Task requirements >> Give an exact copy of the data that follows, but none of its pictures.

Source material: Begin

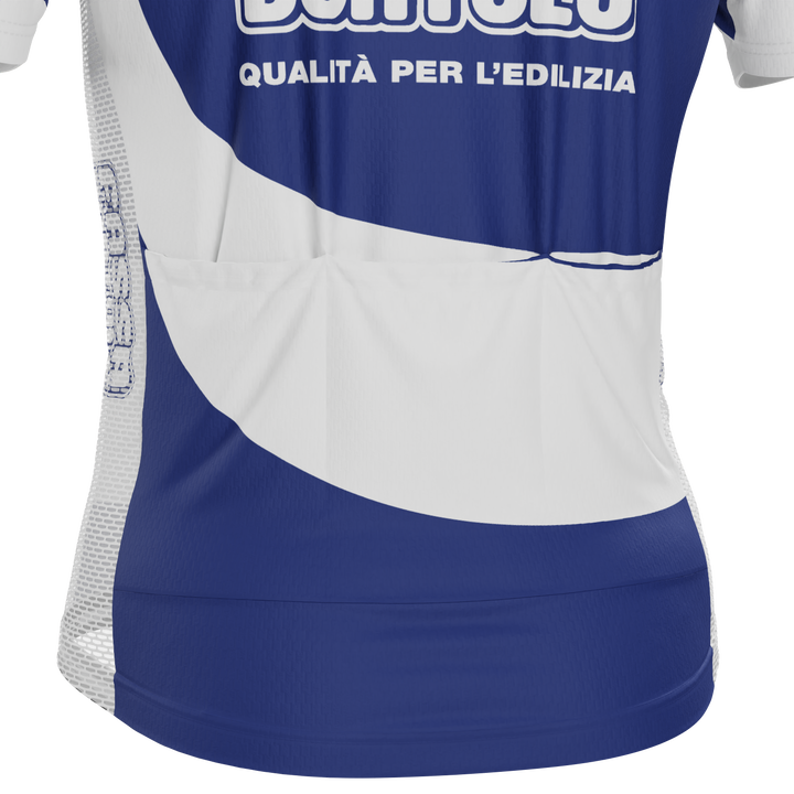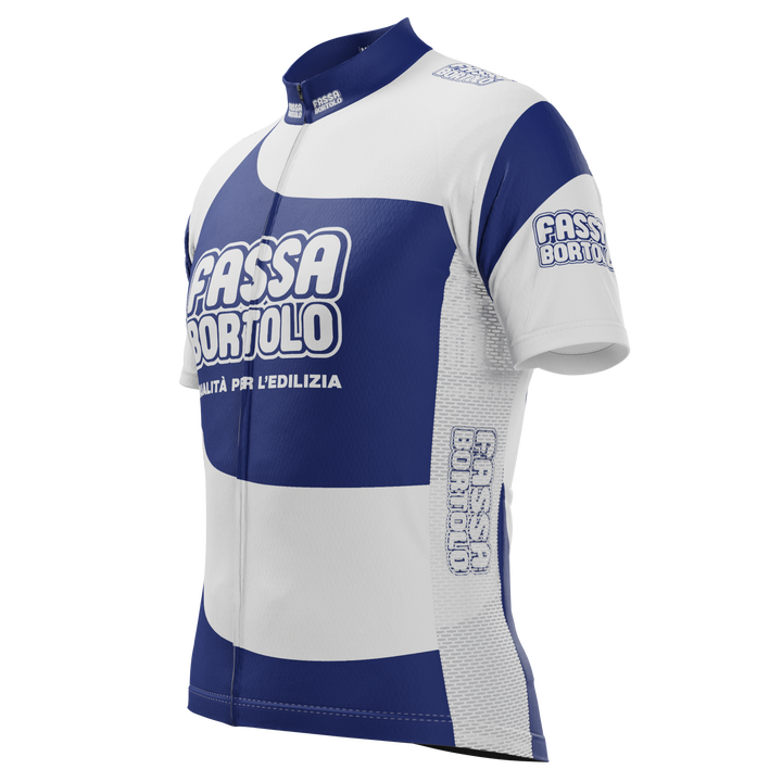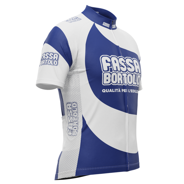 The Men's Fassa Bartolo Short Sleeve Cycling Jersey features a moisture-wicking LEMBO 140 GSM polyester, cooling 110GSM mesh side panels, and reinforced stitched back pockets.
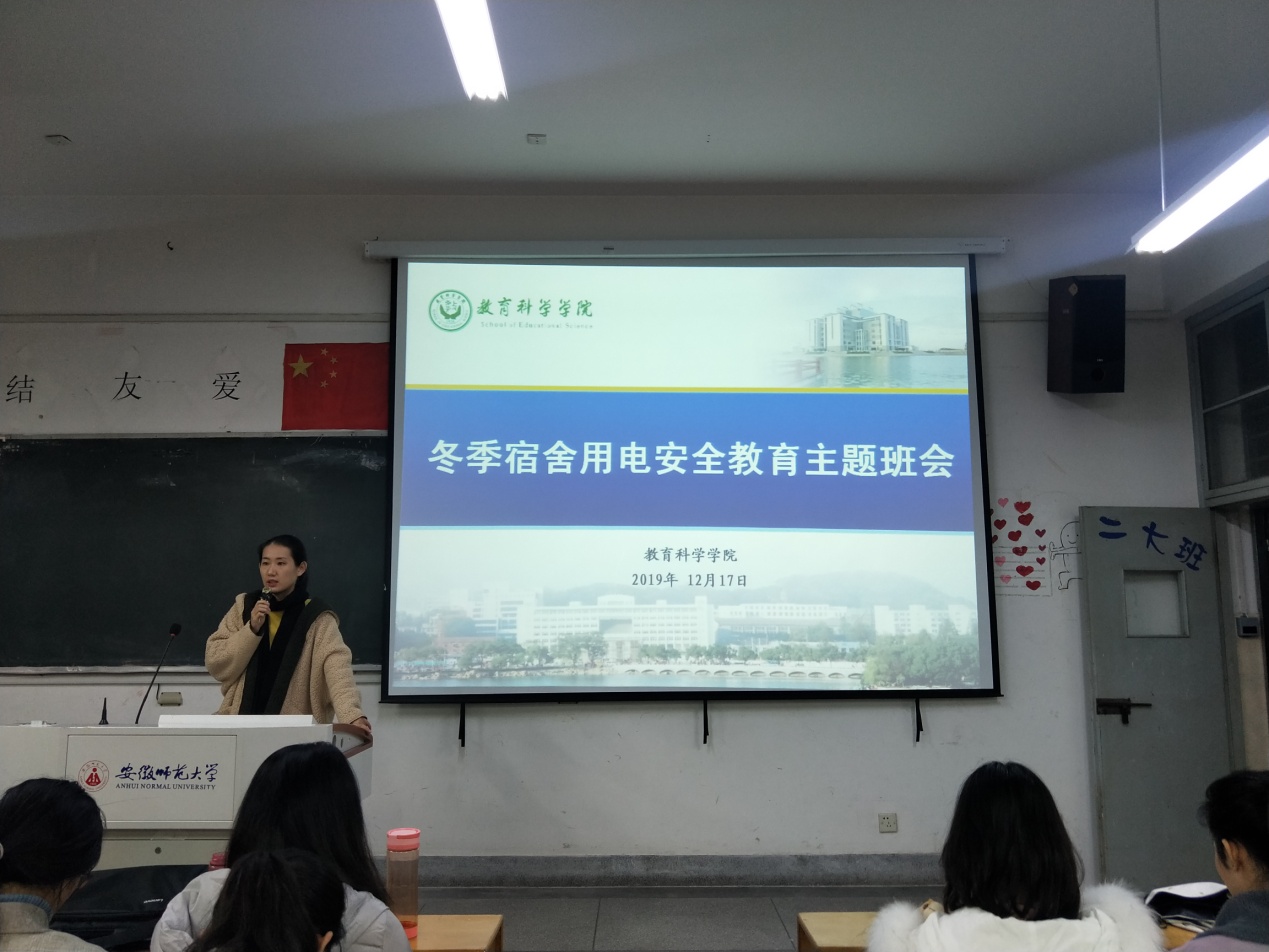 为规范寝室用电,消除安全隐患,牢固树立“安全重于泰山”的意识。近日,2017级全体成员召开“冬季宿舍用电安全”主题班会,会议由2017级辅导员谭茹轩主持。
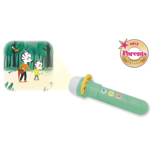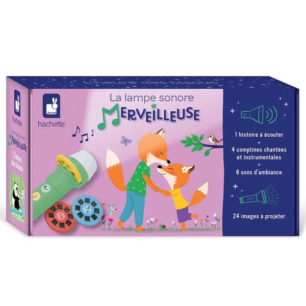 La durée sonore totale est de 491 secondes. La boîte contient une lampe, 3 rondelles qui correspondent chacune aux 3 boutons de la lampe et contenant 8 images, ainsi qu’un pochon de rangement en coton. La lampe fonctionne grâce à 2 piles AAA, non incluses. Cette lampe peut être utilisée en autonomie ou accompagnée d’un parent au moment du coucher.

Source material: End

Reply to the task >>
 The Men's Fassa Bartolo Short Sleeve Cycling Jersey features a moisture-wicking LEMBO 140 GSM polyester, cooling 110GSM mesh side panels, and reinforced stitched back pockets.
 为规范寝室用电,消除安全隐患,牢固树立“安全重于泰山”的意识。近日,2017级全体成员召开“冬季宿舍用电安全”主题班会,会议由2017级辅导员谭茹轩主持。
 La durée sonore totale est de 491 secondes. La boîte contient une lampe, 3 rondelles qui correspondent chacune aux 3 boutons de la lampe et contenant 8 images, ainsi qu’un pochon de rangement en coton. La lampe fonctionne grâce à 2 piles AAA, non incluses. Cette lampe peut être utilisée en autonomie ou accompagnée d’un parent au moment du coucher.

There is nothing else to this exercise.